Credit Facility and Other Financing Arrangements
At September 30, 2011, we had total debt of $181.7 million, compared with $201.5 million at December 31, 2010. Our debt outstanding at September 30, 2011 consisted of the following:

$62.4 million outstanding under the Beal Bank loan agreement, which is secured by the assets in the W Austin Hotel & Residences project. Net operating income of the W Austin Hotel & Residences project, including proceeds from the sales of the condominium units, has been and will continue to be used to repay debt incurred in connection with the project.

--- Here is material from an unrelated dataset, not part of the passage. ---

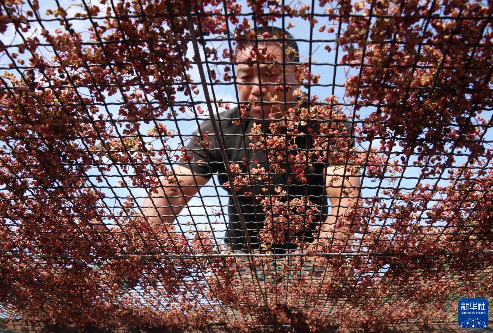 8月26日,秦皇島市海港區石門寨鎮南峪村的一位農民在篩選晾曬好的花椒。

$39.0 million outstanding, $2.9 million of letters of credit issued and $7.0 million of availability under our credit facility with Comerica. The credit facility includes a $35.0 million revolving loan, of which $1.1 million is available, a $9.0 million term loan, of which $0.9 million is available, and a new $5.0 million term loan, all of which is available (see Note 6 for further discussion). The availability under the $9.0 million term loan was permanently reduced by $1.0 million in the first nine months of 2011 when the required quarterly principal payments of $0.5 million were made in the second and third quarters of 2011. We used the proceeds from these borrowings for general corporate purposes, including overhead and development costs. The credit facility is secured by assets at Barton Creek, Lantana and Circle C.

$36.0 million outstanding under seven unsecured term loans, which include two $5.0 million loans, an $8.0 million loan, a $7.0 million loan, a $4.0 million loan and two $3.5 million loans.

$20.4 million outstanding under the Lantana promissory note, which is secured by our buildings at 7500 Rialto Boulevard.

$13.1 million outstanding under the Ford loan agreement, which is secured by a second lien on the W Austin Hotel & Residences project assets. Additionally, the Ford loan agreement provides for a profits interest in our joint venture with Canyon-Johnson. The profits interest is accounted for as the lender's participation in the cash flows of the W Austin Hotel & Residences project.  Interest related to this participation will be recognized in future periods when cash flows from which the profits interest is payable are generated. The accumulated balance of the profits interest as of September 30, 2011, was $1.1 million.

$5.3 million outstanding under a $5.4 million term loan, which is secured by 5700 Slaughter.

$4.5 million outstanding under a term loan, which is secured by Barton Creek Village.

$0.9 million outstanding under a $13.7 million construction loan, which is secured by the assets at the Parkside Village project (see Note 4 for further discussion).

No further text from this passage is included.